Нет-нет-нет, страну представляли наши сборные команды, восьмерка и четверка, а параллельно там же проходили буги формацевтов, 100-way с перестроениями. Я там прыгала просто сама по себе. Был хороший повод вместе с командой оформить американские визы и туда поехать – вот мы им и воспользовались. Это, вообще, был наш первый выезд в Штаты – первую визу получить достаточно проблематично, а мы проходили в посольстве вместе с нашими командами, восьмеркой и четверкой, в которых в основном были военные, ЦСПК-овцы. Там, в посольстве, был такой зал, в конце него располагались окошечки, где консулы сидят, а мы сидели в самом в зале, где были расставлены ряды сидений, как в кинотеатре. Вызвали кого-то из Павленок, кажется – это тогдашние ВДВ-шники молодые, все ребята спортивные и сплошь неженатые – и первого же консульша «отшила». Вообще тогда было очень сложно получить визу, а тут, видимо, у них подозрение возникло, что молодежь въедет в Штаты, там найдёт себе жён и останется насовсем.
Ну и тут тренеры – не помню, Белый это был, или кто – пошли разбираться: «понимаете, вот вы одного не пускаете – значит, что вся команда (а это 10–12 человек в совокупности, плюс вторая команда, плюс сопровождающие, куда и мы с Горбуновым были вписаны) не едет на соревнования; получается, из-за вас мы срываем Чемпионат мира – мы напишем организаторам, что по такой-то и такой-то причине не смогли прибыть на соревнования». Вот в таком духе был разговор. В итоге пустили всех – и группешников, и нас до кучи. Я в соревнованиях самих не участвовала – только вот в этих формационных буги. Для нас тогда сотня – это было «ого-го!». Мы только в 1999-ом сделали, кажется, 87 человек как российский национальный рекорд, а там сотня, да еще и с перестроением.

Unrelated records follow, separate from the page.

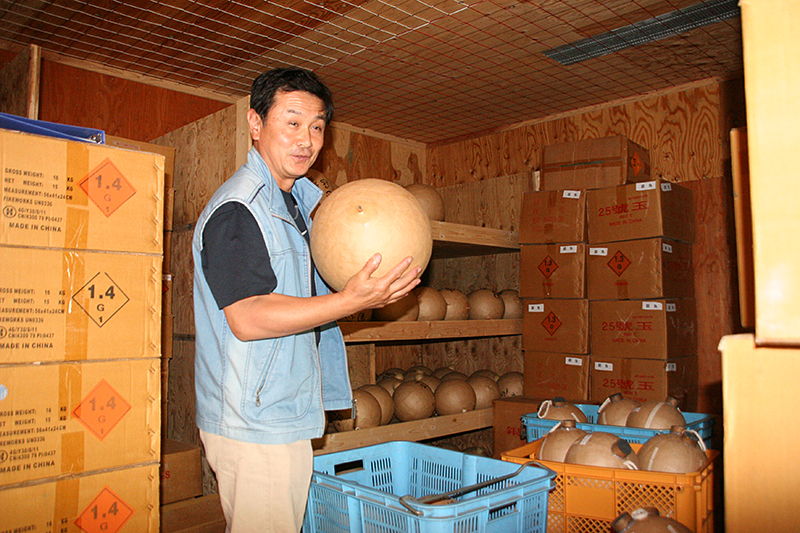 「今は制作スタッフが5人いまして、大体乾燥している冬~春の時期に注文を受けた一年分の花火を作ってしまいます。花火は乾き具合で燃焼が違いますから、冬の晴れた日に天日干しにするのがポイントなんです。乾燥機でやってしまう所もあるみたいですが、色が全然ちがいますのでうちは天日でやっています。今の時期は、スターマインの構成だったり打ち上げる順番などの仕分けをじっくりやっているところです。」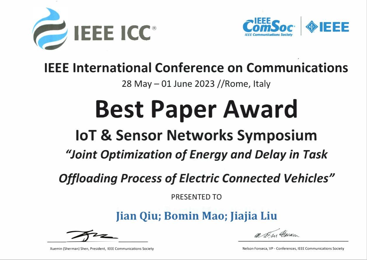 刘家佳教授团队的研究成果“Joint Optimization of Energy and Delay in Task Offloading Process of Electric Connected Vehicles”在众多论文中脱颖而出,获得了本次大会最佳论文奖。该论文伦理片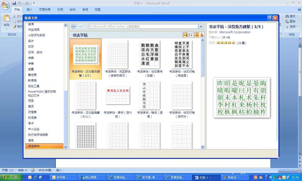 大人小孩学习书法都是从字帖开始学习的,但是市面上卖的字帖有时候并不尽如人意,word2007提供了一个模板,可以自己来制作字帖,非常方便。

А как же Анапа, 1994 год, БиДжей и World Team с формацией-297?

Так это была сборная мира, а я чисто про российское национальное достижение.

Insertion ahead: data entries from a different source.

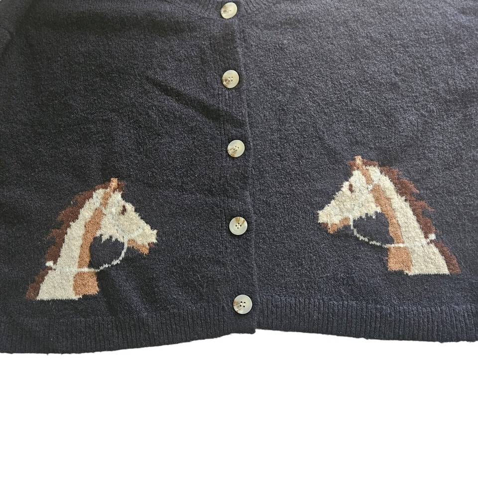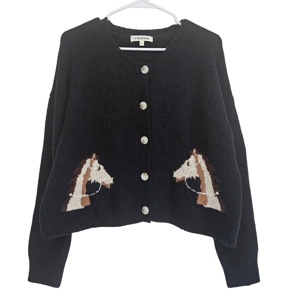 Vigoss Horse Cardigan XL Western Ranch Cowgirl Cozy Knit Cropped Sweater Grandma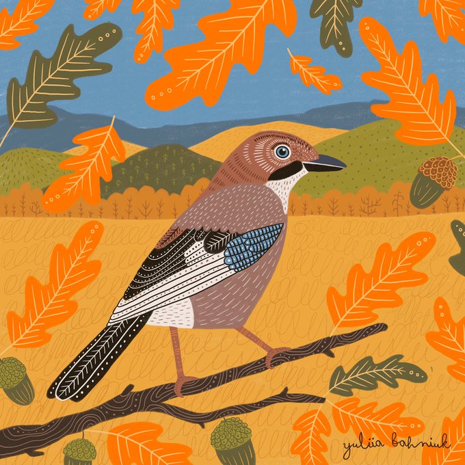 A beautiful Eurasian Jay for @BirdWhisperers ! #birds #eurasianjay #BirdWhisperer #art #birdart #birdartist #ornithology #illustration #illustrator #JulianaMotzko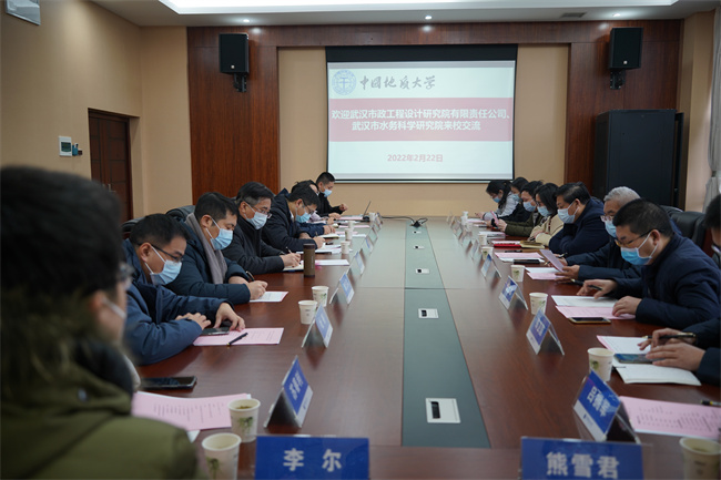 2022年2月22日,公司副總經(jīng)理、總工程師周俊,副總經(jīng)理饒世雄攜公司水環(huán)境研究院博士團(tuán)隊(duì)前往中國地質(zhì)大學(xué)(武漢),就污水處理與資源化、水環(huán)境治理項(xiàng)目與中國地質(zhì)大學(xué)(武漢)、武漢市水務(wù)科學(xué)研究院的院士、專家團(tuán)隊(duì)開展合作交流。中國地質(zhì)大學(xué)(武漢)校長王焰新院士,武漢市水務(wù)科學(xué)研究院院長葉輝、副院長李敏,及三方相關(guān)領(lǐng)導(dǎo)和技術(shù)專家出席會(huì)議。中國地質(zhì)大學(xué)(武漢)校友與社會(huì)合作處處長陳華榮主持會(huì)議。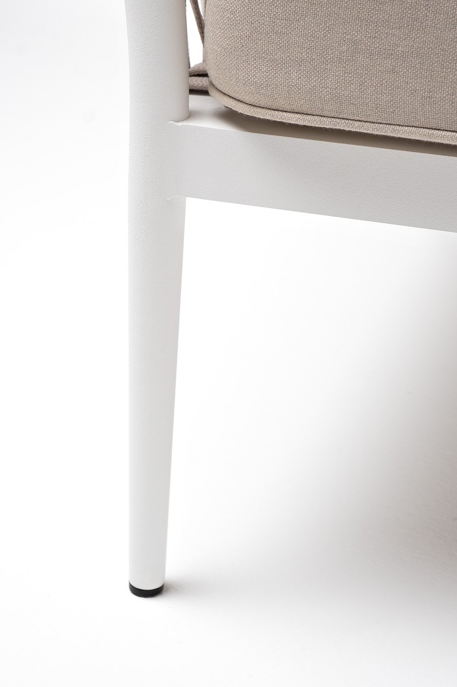 Кресло имеет алюминиевый каркас, окрашенный порошковой краской белового цвет. Боковины каркаса вручную оплетены роупом - эластичными синтетическими лентами, изготовленными из высокопрочных полиэфирных волокон. Цвет оплетки - бежевый.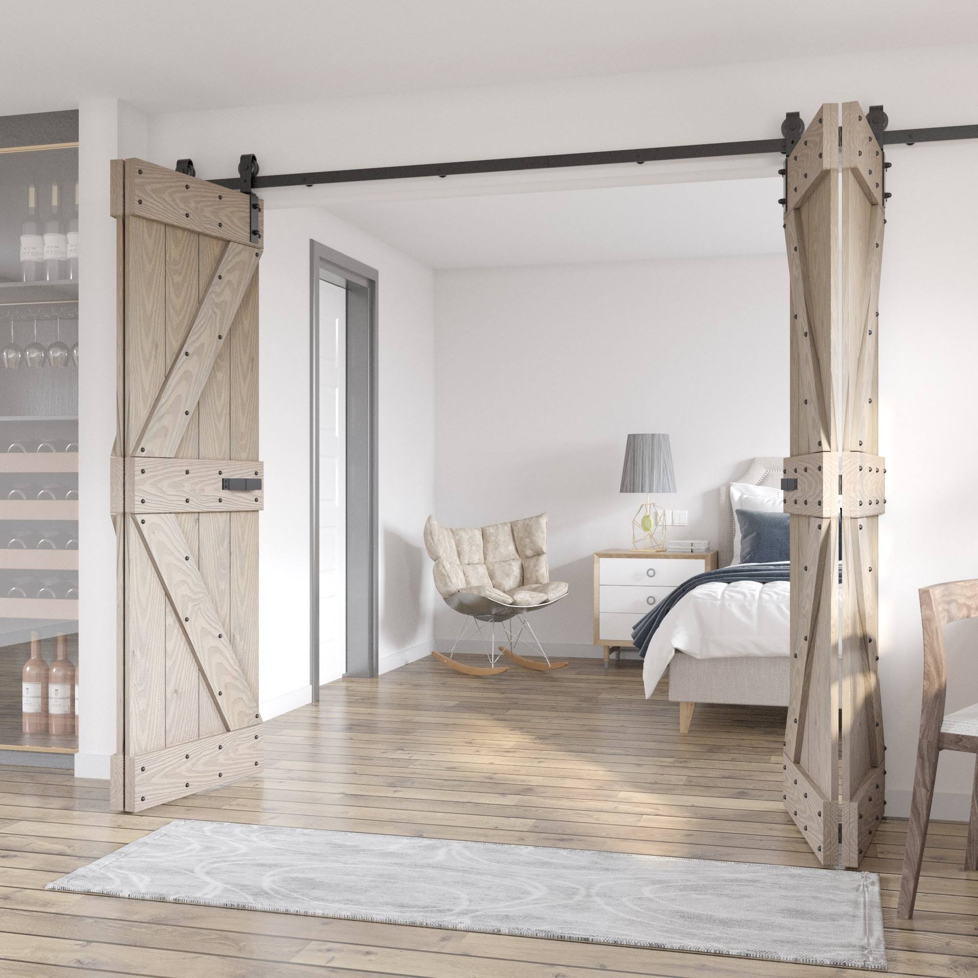 Emboss layer styles add 3D effect on the surface which you can feel the natural texture.100% Hand-made in the USA with natural fragrance of pine wood, which is more environmental friendly, Choosing an environmentally friendly door panel is most important for health. All paints are from the USA. Door comes in unassembled panels, adult assembly is required. Door has pre-drilled bore holes for quick and easy installation. Package includes: 2 Barn door leaves (unassembled panels), 1x Sliding Bi-Fold hardware kit, 1x handle, and all necessary screws required for installation. COAST SEQUOIA fine-select premium pine wood sourced nationally from the North America. Each piece has unique and natural wood grain. Every single barn door is hand-stained to protect and reserve the beauty of the wood. Bi-fold Barn Door with sliding hardware kit contains everything needed to transform any doorway from a traditional door into a convenient, space-saving and stylish sliding bi-fold door.

В Америке тогда, получается, были просто открытые буги?

Да, открытые, приезжай и прыгай любой, кто хочет. Там тоже сначала в альфу ставили – просто смотрели, что человек может, что не может, «вяжет ли лыко», не будешь же незнакомца сразу в фигуру ставить. И потом шла сама сотня – два перестроения, три. Для меня это всё было совершенно в диковинку.

У нас такого формата не было? Чтобы частники-спортсмены просто съехались на буги и попрыгали в свое удовольствие – не соревнования, не спорт высших достижений, а просто парашютная тусовка?

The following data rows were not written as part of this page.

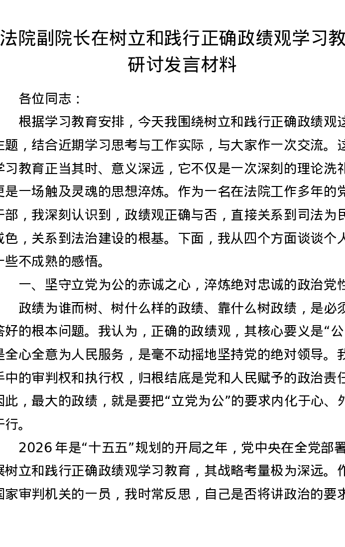 法院副院长在树立和践行正确ZJG学习教育研讨发言材料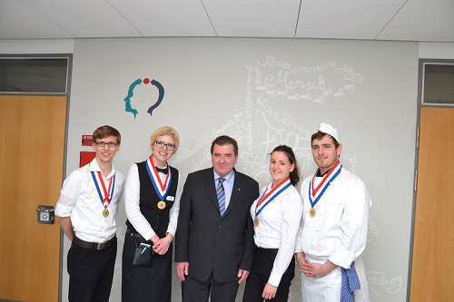 Ihre Leidenschaft zu den gastgewerblichen Berufen mit internationaler Ausrichtung unterstrichen die Gewinner eindrucksvoll. „Mir macht vor allem die Vielfalt an meinem Beruf Spaß – die Fremdsprachen, der Kontakt zu den Gästen und die Qualität beim Service,“ sagte die Hotelfachfrau Pauline Frischen. Der Goldmedaillengewinner bei den Köchen, Bendix Hemsen, freute sich riesig über seine Platzierung: „Meine Lehrer haben mir bei der Vorbereitung auf die Landesjugendmeisterschaften sehr geholfen und auch meine Kollegen im Restaurant Villa Colonial haben mich sehr unterstützt.“ Jaqueline Jürgensen siegte überraschend im Restaurantfach und konnte es nicht fassen: „Ich habe nicht mit meinem Erfolg gerechnet. Ich bin zu den Landesjugendmeisterschaften zu spät gekommen und meine Bluse ist durch den Sturm im Dreck gelandet.“ Vorstellungen zur Karriere hat bereits Arnd Cordes, Goldmedaillengewinner beim Fachmann für Systemgastronomie: „Langfristig möchte ich mein eigenes Systemgastronomie-Restaurant eröffnen. Ich habe schon ein paar Ideen, aber die sind noch nicht spruchreif.“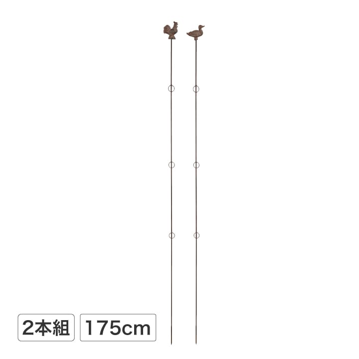 上部には8種類の装飾モチーフ(2本セットで4パターンから選択可)。アンティークカラーの鋳鉄製で、植物が絡みつく季節以外にも庭の景色を豊かに演出します。「ただの支柱」ではなく、植物と共に庭を引き立てるガーデンオブジェとしての魅力も兼ね備えています。

Нет конечно, какие буги? Да и, вообще, про разницу уровней: Горбунов тогда смотрел и видел колоссальную разницу – эта дропзона, Eloy, в день делала столько же прыжков, сколько наше Волосово за год! Он тогда как раз наблюдал и изучал, как работает манифест, как работают все службы, пытался перенять методику организации самой работы дропзоны. Американцы умело организовали челночную работу бортов – один самолёт бросает, второй заходит на боевой, третий в наборе, какой-то спускается, какой-то стоит под загрузкой на земле, какой-то заправляется – форменная карусель, невообразимая четкость работы. Никто им тогда не мешал, никаких запретов – ни Домодедово у них над головой не было, ни ДОСААФа… Разумеется, что глаза у нас были квадратными, и всё это было интересным, смотрелось в диковинку смотрелось.

А мысль съездить за системами возникла именно тогда, в эту поездку? Или раньше, когда стало понятно, что на остатках советской техники прыгать уже тяжко?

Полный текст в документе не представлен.